Broken filenames in zip archives with 1-byte non-latin charset
unxed opened this issue · comments
Sample archive:
Desktop.zip
$ cat ./Desktop.zip | bsdtar -t
\215\256\242\240\357 \257\240\257\252\240/
\215\256\242\353\251 \342\245\252\341\342\256\242\353\251 \244\256\252\343\254\245\255\342.txt
Expected result should be as with unzip:
$ unzip -l ./Desktop.zip
Archive: ./Desktop.zip
Length Date Time Name
--------- ---------- ----- ----
0 2016-09-28 18:41 Новая папка/
4 2016-09-28 18:40 Новый текстовый документ.txt
--------- -------
4 2 files
The built-in .zip archiver in older versions of Windows used DOS (OEM) or Windows (ANSI) code page corresponding to current regional settings for new archives. Lots of such archives still exist.
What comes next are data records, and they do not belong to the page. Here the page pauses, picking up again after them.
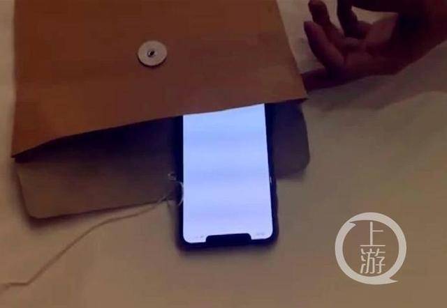 当晚10时,上游新闻记者在酒店收到了原阳县委宣传部卞副部长送来的被抢手机,但是手机被刷机,手机是装在这个牛皮袋里送来的,一开机里面什么都没有,不知道是被谁刷了机,手机里面什么都没有了。
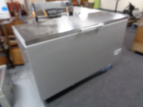 A stainless steel topped chest freezer, width 156 cm.
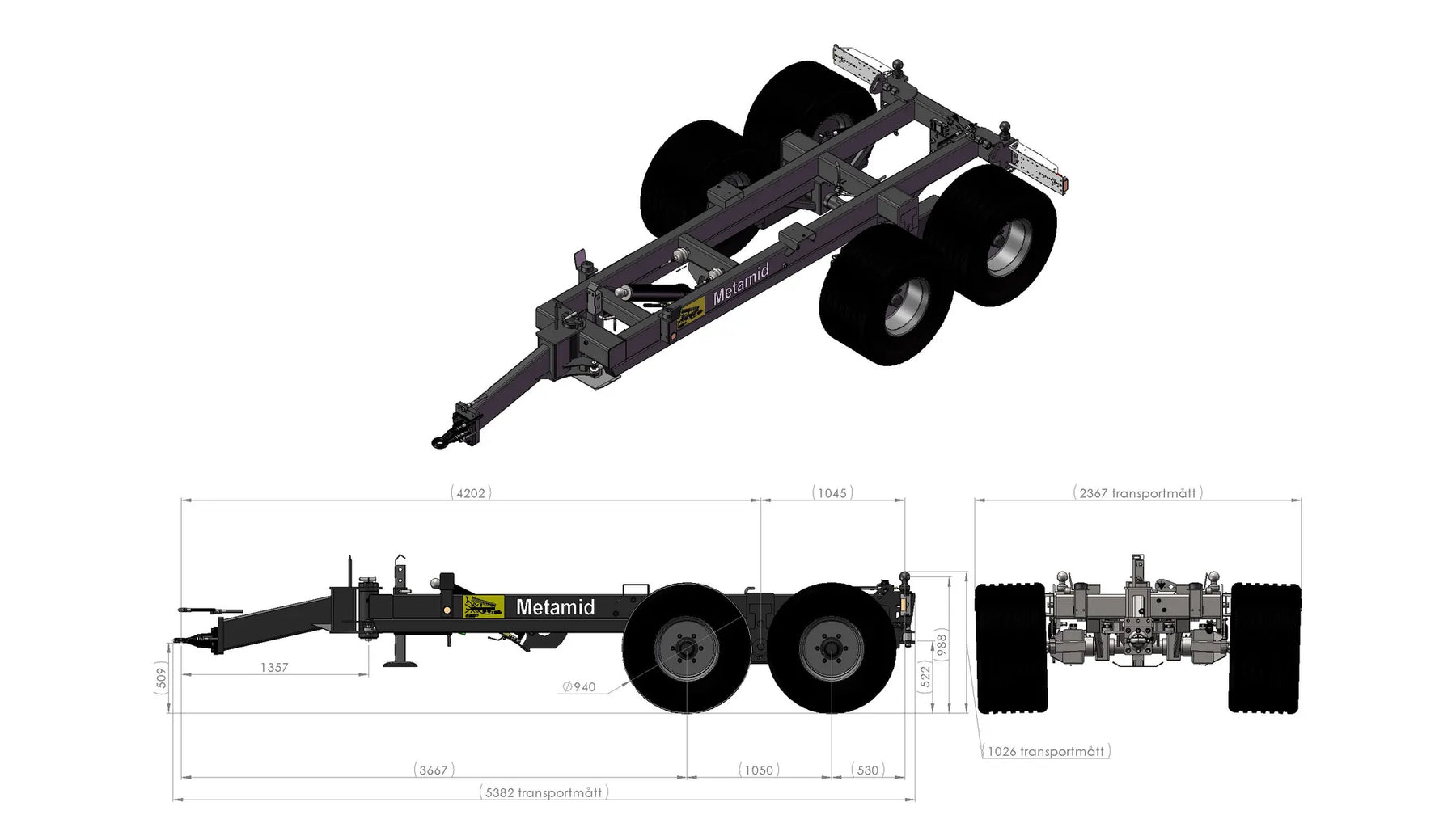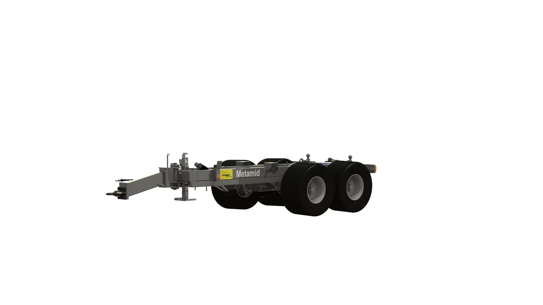 Artikelnummer chassi: 110133 Ramstyrningsled/Dragögla cc 1365mm Styrvinkel 40". Dubbelverkande funktion med hydraullås Pendelboggi cc 1050 mm, Max belastning 6 ton/axel Avstånd över navflänsar 1850 mm. Ytbehandlas enligt KTL- metoden, svart Anslutning 161 x 205 x 6 mutter öppen Bromsar: hydrauliska på alla hjul - enligt VVFS 2003: 20, 5 Kap. 12 § Manuellt justerbara bromsarmar Max 110 bar hydraultryck. Skyddsplåt förhindrar smuts i trumma Baktipp. Tippvinkel: 55º. Oljevolym 10L /210 bar Belysning enligt TSV Diod 12/24 Volt 7 pol Fäste för tillval boggilift Fäste för valbart drag Färg Metsjö grå Förberett för valfri påbyggnad MetaMid/MetaNo Chassivikt 1740 kg, Teknisk belastning 15 000 kg, Nyttolast 13 260 kg Ytbehandling: Förbehandling med alkalisk avfettning och blästring Sa 2,5 Karosseri kittas. Lackerat enl. ISO 12944 A3.09. Färgsystem: Epoxiprimer 2 x 70 µm. Täckfärg: Polyuretan 1 x 60 µm totalskikt ca. 200µm. Korrosivitetklass C4 L Kringutrustning: Hydrauluttag bak 1/2 flöde. per/st, 106643 Hydrauluttag bak Broms (olja) serie koppling, 106642 Bultbart bakdrag + eluttag 7 pol, 105366

The correct behavior is to determine the relevant OEM or ANSI code page based on the system locale and use it. You can look at this PR for reference implementation:
bsdtar
is using isprint(3)
to decide what characters are safe to print to the terminal. All others are escaped. So unless your locale is an actual matching single-byte locale and not UTF-8 as used on most Unix systems nowadays by default, this is perfectly sensible behavior.
Unzipping such archive by bsdtar on Mint 21.3 produces incorrect utf-8 sequences in file names.
Sure, the binary filename is passed through as it doesn't know what to make of it. Remember, nothing on POSIX says that filenames are UTF-8 and the same applies to many binary file formats.